However, the present invention is not limited thereto, and the second wavelength conversion particles P2 may include a quantum dot (QD), and the third wavelength conversion particles P3 may include a fluorescent material (phosphor). In this case, the fluorescent substance may be K ₂ SiF ₆ : Mn (hereinafter, referred to as KSF). The KSF fluorescent substance has a feature of expressing red with a narrow half width and has an advantage of being excellent in color reproducibility.

  Referring to FIGS. 8A and 8B, in one embodiment, the second wavelength conversion particles P2 may be smaller than the third wavelength conversion particles P3. This is due to a quantum confinement effect in which the smaller the size, the larger the energy band gap. Therefore, the light emitted from the second wavelength conversion particles P2 may have a shorter wavelength than the light emitted from the third wavelength conversion particles P3.

  According to one embodiment, the light that has passed through the wavelength conversion layer 30 includes all of the first wavelength light L1, the second wavelength light L2, the third wavelength light L3, and the fourth wavelength light L4. The light converted by the wavelength conversion layer 30 is concentrated in a specific wavelength within a narrow range, and has a sharp spectrum having a narrow half width. Therefore, when realizing a color by filtering light having such a spectrum with a color filter, color reproducibility can be improved.

  Unlike the exemplary embodiment, in some embodiments, the light source may further include an LED that emits the second wavelength light λ2. In this case, in order to distinguish the LED emitting the first wavelength light λ1 from the LED emitting the first wavelength light λ1, the LED is separately referred to as the first LED and the second LED, respectively. The first LED and the second LED can be arranged adjacent to each other. For example, one first LED is arranged in a region adjacent to one side surface 10s of the light guide plate, and a second LED is arranged so as to be adjacent to one first LED along the extension direction of one side surface 10s of the light guide plate. Another first LED may be located adjacent to the two LEDs and spaced apart from one first LED.

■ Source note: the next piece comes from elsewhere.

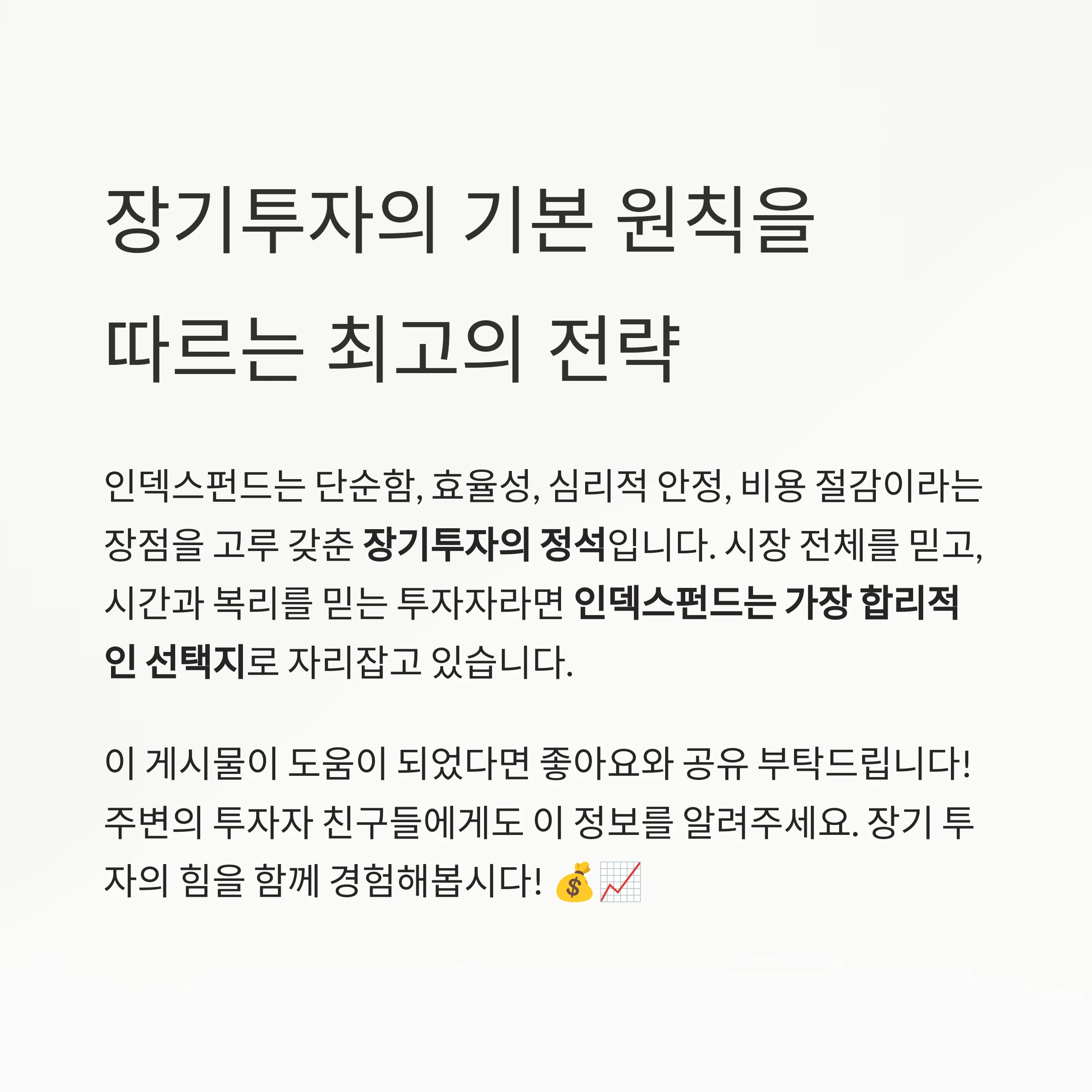 인덱스펀드는 단순함, 효율성, 심리적 안정, 비용 절감이라는 장점을 고루 갖춘 장기투자의 정석입니다.

  The wavelength conversion layer 30 may further include scattering particles 35. The scattering particles 35 are non-quantum dot particles and may be particles having no wavelength conversion function. The scattering particles 35 scatter the incident light so that more incident light can enter the wavelength converting particles P2 and P3. In addition, the scattering particles 35 can play a role of uniformly controlling the emission angle of light for each wavelength. More specifically, when a part of the incident light is incident on the wavelength conversion particles and then emitted after being converted in wavelength, the emission direction is random. If the scattering particles 35 do not exist in the wavelength conversion layer 30, the third wavelength light L3 and the fourth wavelength light L4 emitted after the collision of the wavelength conversion particles have scattering emission characteristics, but there is no collision of the wavelength conversion particles. The first-wavelength light L1 and the second-wavelength light L2 emitted in the above have no scattered emission characteristics. Therefore, the emission amount of the first wavelength light L1 / second wavelength light L2 / third wavelength light L3 / fourth wavelength light L4 differs depending on the emission angle. The scattering particles 35 also provide scattering emission characteristics to the first wavelength light L1 and the second wavelength light L2 emitted without colliding with the wavelength conversion particles, so that the emission angles of the wavelength-dependent light are similar to each other. Can be adjusted to be

The scattering particles 35 can be composed of one or a combination of two or more of metal oxides including SiO ₂ , TiO ₂ , ZnO and SnO ₂ . In one embodiment, the scattering particles 35 may be composed of TiO _2. TiO ₂ may have at least one of an anatase crystal phase and a rutile crystal phase. The scattering particles 35 according to an embodiment may include only an anatase crystal phase (see FIG. 9) among TiO ₂ crystal phases.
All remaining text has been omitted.